Task statement
The data is to be repeated exactly, with the images removed.

Raw data

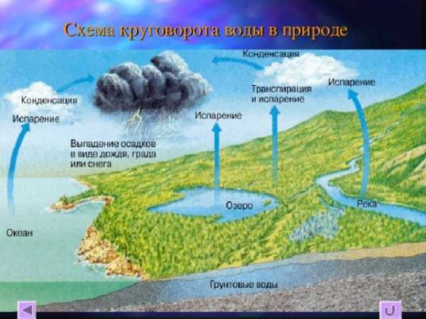 Таким образом, круговорот воды – это процесс, в результате которого вода изменяет состояние, очищается, насыщается новыми веществами. Круговорот позволяет функционировать всем формам жизни. Из-за того, что вода постоянно пребывает в движении, она охватывает всю поверхность планеты.
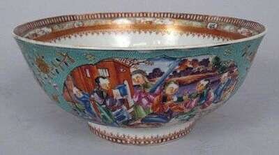 Of deep U-shape form the inner wall rim painted with a band of iron red and black oval medallions and gilt Greek key, with a central medallion of Canton merchants, the outer wall painted with four quatrefoil medallions of figural scenes enclosed by a beaded blue glazed and gilt highlighted ground.
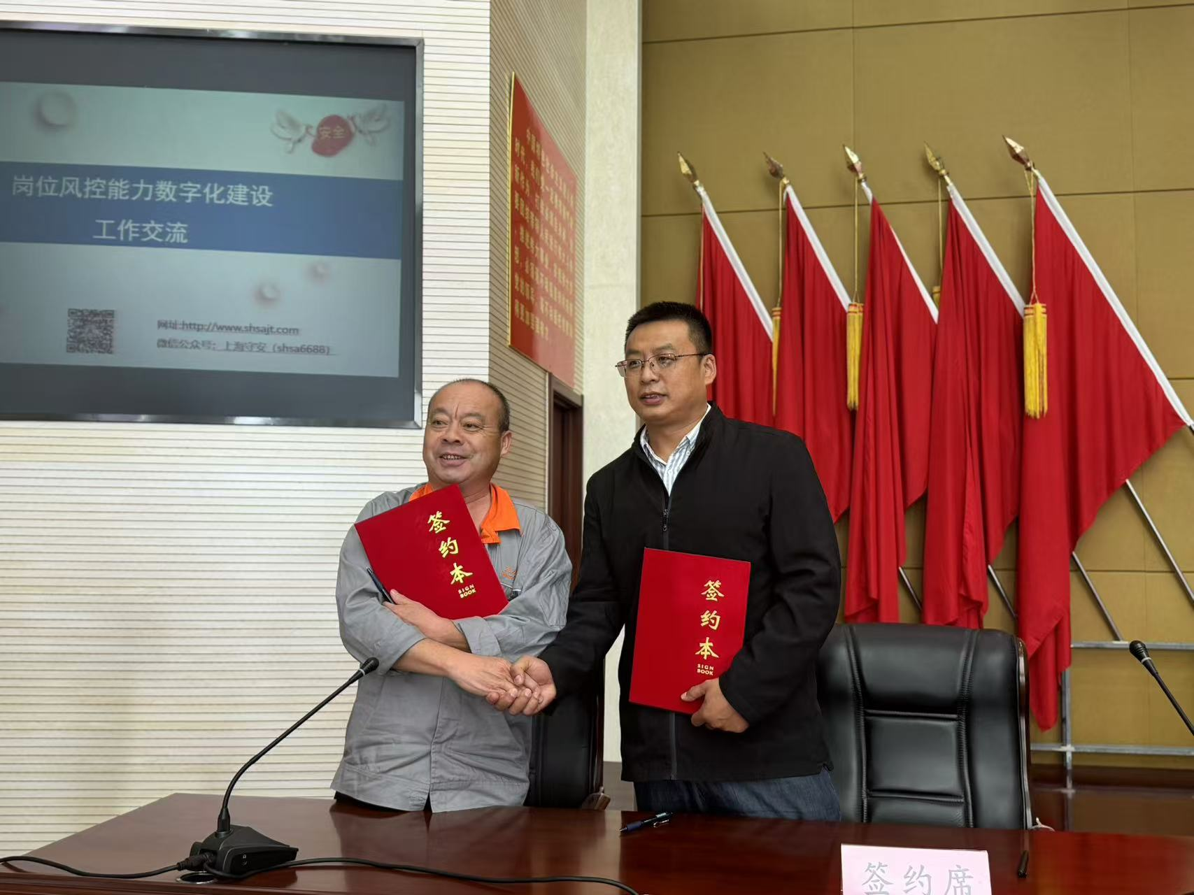 集团副总经理侯乾与两家企业代表签订了“岗位风控能力数字化建设”意向书。

Response area
 Таким образом, круговорот воды – это процесс, в результате которого вода изменяет состояние, очищается, насыщается новыми веществами. Круговорот позволяет функционировать всем формам жизни. Из-за того, что вода постоянно пребывает в движении, она охватывает всю поверхность планеты.
 Of deep U-shape form the inner wall rim painted with a band of iron red and black oval medallions and gilt Greek key, with a central medallion of Canton merchants, the outer wall painted with four quatrefoil medallions of figural scenes enclosed by a beaded blue glazed and gilt highlighted ground.
 集团副总经理侯乾与两家企业代表签订了“岗位风控能力数字化建设”意向书。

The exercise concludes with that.